Asian Journal of Mathematics and Computer Research

Human Immunodeficiency Virus (HIV) remains a major public health concern despite significant advances in antiretroviral therapy (ART), particularly dolutegravir-based regimens known for strong viral suppression. However, the therapeutic effect of ART is not instantaneous, as biological and pharmacological processes introduce delays between treatment initiation and observable viral load reduction. Ignoring such delayed drug response may oversimplify infection dynamics and affect the accuracy of predictive models.

In this study, a delay differential equation (DDE) model of within-host HIV infection under antiretroviral therapy is developed, incorporating both intracellular infection delay and delayed drug-response effects. The model describes the interaction among healthy CD4+ T cells, infected CD4+ T cells, and free viral particles. Fundamental mathematical properties of the system are established, and the basic reproduction number is derived to characterize infection persistence. Equilibrium points are determined, and stability analysis is performed to identify conditions for viral suppression.

The results demonstrate that delayed drug response influences the threshold dynamics of the system and affects the rate of viral load decay and immune recovery. In particular, treatment reduces the effective reproduction number, and viral clearance is achieved when the reproduction number is less than unity. These findings emphasize the importance of incorporating biologically realistic delay mechanisms in mathematical models of HIV treatment dynamics.

Aims: The aim of this study is to examine the biological implications of delayed drug response in HIV treatment by developing a mathematical model and analyzing how treatment delay influences viral suppression and CD4+ T-cell dynamics.

Model Design:  A deterministic compartmental delay differential equation (DDE) model of within-host HIV treatment dynamics.

Place and Duration of Study: Department of Mathematics, Federal University of Petroleum Resources, Effurun, Delta State, Nigeria. April 2025 and January 2026.

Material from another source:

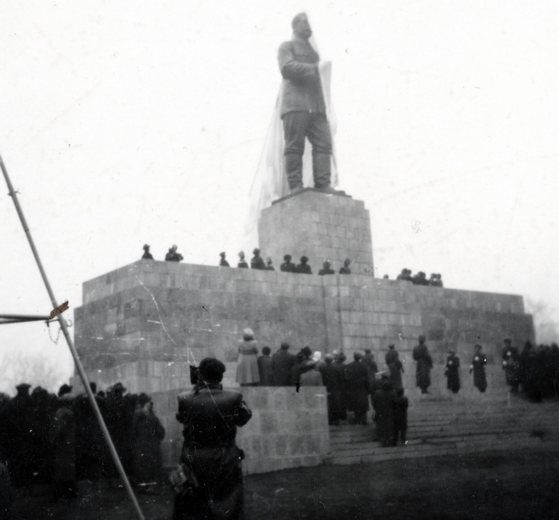 A Sztálin-szobor avatása 1951. december 16-án. A szobor öntéséhez provokatív módon felhasználták a Kossuth téren álló, de a háborúban megrongálódott gróf Andrássy Gyula lovas szobrot is (Forrás: Fortepan)

Methodology: A deterministic delay differential equation (DDE) model was formulated to describe within-host HIV dynamics under delayed drug response. The model consists of four state variables representing healthy CD4+ T cells, infected CD4+ T cells, viral load, and drug concentration.

Results: The basic reproduction number was derived as R₀ = \(\frac{\beta\lambda{N}}{cd}\).

Analysis shows that the disease-free equilibrium is locally asymptotically stable when R0 < 1 1and unstable when R0 > 1. The endemic equilibrium exists only when R0 > 1.

Numerical simulations using parameter values listed in Table 1 yielded R0 = 1.82in the absence of treatment, indicating persistent infection. Following drug administration, the effective reproduction number decreased to R0 treated = 0.74, resulting in viral suppression and immune recovery.

Conclusion: A delay differential equation model of HIV treatment incorporating delayed drug response was developed and analyzed. The study demonstrates that the basic reproduction number governs infection persistence and that treatment efficacy can drive the system below the epidemic threshold. Delayed drug response influences transient viral dynamics but does not alter the fundamental stability condition. These findings provide theoretical insight into optimizing HIV treatment strategies.